Providing the summary results and conclusions based on the results:

In [40]:
# Logistic Model with the response variable 'ab_page' and the countries as the explanatory variables
lm = sm.Logit(df2['ab_page'], df2[['intercept', 'CA', 'UK']])
result = lm.fit()
result.summary()
Optimization terminated successfully.
         Current function value: 0.760413
         Iterations 3
C:\Users\alldocube\Anaconda3\envs\py3\lib\site-packages\statsmodels\base\model.py:488: HessianInversionWarning: Inverting hessian failed, no bse or cov_params available
  'available', HessianInversionWarning)
C:\Users\alldocube\Anaconda3\envs\py3\lib\site-packages\statsmodels\base\model.py:488: HessianInversionWarning: Inverting hessian failed, no bse or cov_params available
  'available', HessianInversionWarning)
C:\Users\alldocube\Anaconda3\envs\py3\lib\site-packages\statsmodels\discrete\discrete_model.py:3313: RuntimeWarning: divide by zero encountered in double_scalars
  return 1 - self.llf/self.llnull
Out[40]:
Logit Regression Results
Dep.
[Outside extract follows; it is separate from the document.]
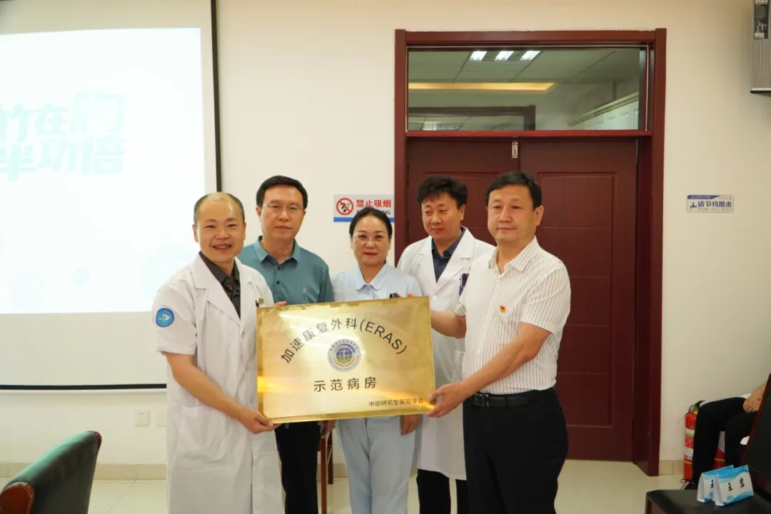 6月18日下午,我院胸外科正式挂牌中国研究型医院学会加速康复外科(ERAS)示范病房。我院党委委员、副院长于跃利,党委委员、医务部主任张震军,胸外科主任燕少伟、副主任刘英及呼吸与危重症医学科、消化内科、急诊医学科、麻醉手术科、病理科、营养科、心理科、介入治疗科等科室主任、副主任及科室医务人员40余人参加了揭牌仪式。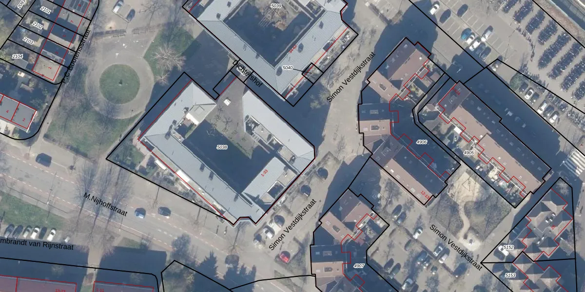 Het perceel waarop Dichtershof 20 staat heeft een oppervlakte van 2158 m². Dit is een zeer groot perceel. De perceeloppervlakte wordt geregistreerd door het Kadaster. Gedetailleerde informatie over de maten van dit perceel kunt u vinden in het rapport Kadastrale kaart met maatvoering van Dichtershof 20.

Variable: ab_page No. Observations: 290584
Model: Logit Df Residuals: 290581
Method: MLE Df Model: 2
Date: Sun, 07 Oct 2018 Pseudo R-squ.: inf
Time: 01:29:25 Log-Likelihood: -2.2096e+05
converged: True LL-Null: 0.0000
LLR p-value: 1.000
coef std err z P>|z| [0.025 0.975]
intercept 0.0018 0.004 0.414 0.679 -0.007 0.011
CA 0.0124 0.017 0.720 0.472 -0.021 0.046
UK -0.0088 0.009 -1.023 0.306 -0.026 0.008

Answer: The summary result of the logistic regression reveals no significant correlation between the page and the country, since each of the p-values are too large. This gives evidence that any multiple regression using both factors will presumably not lead to false coefficients.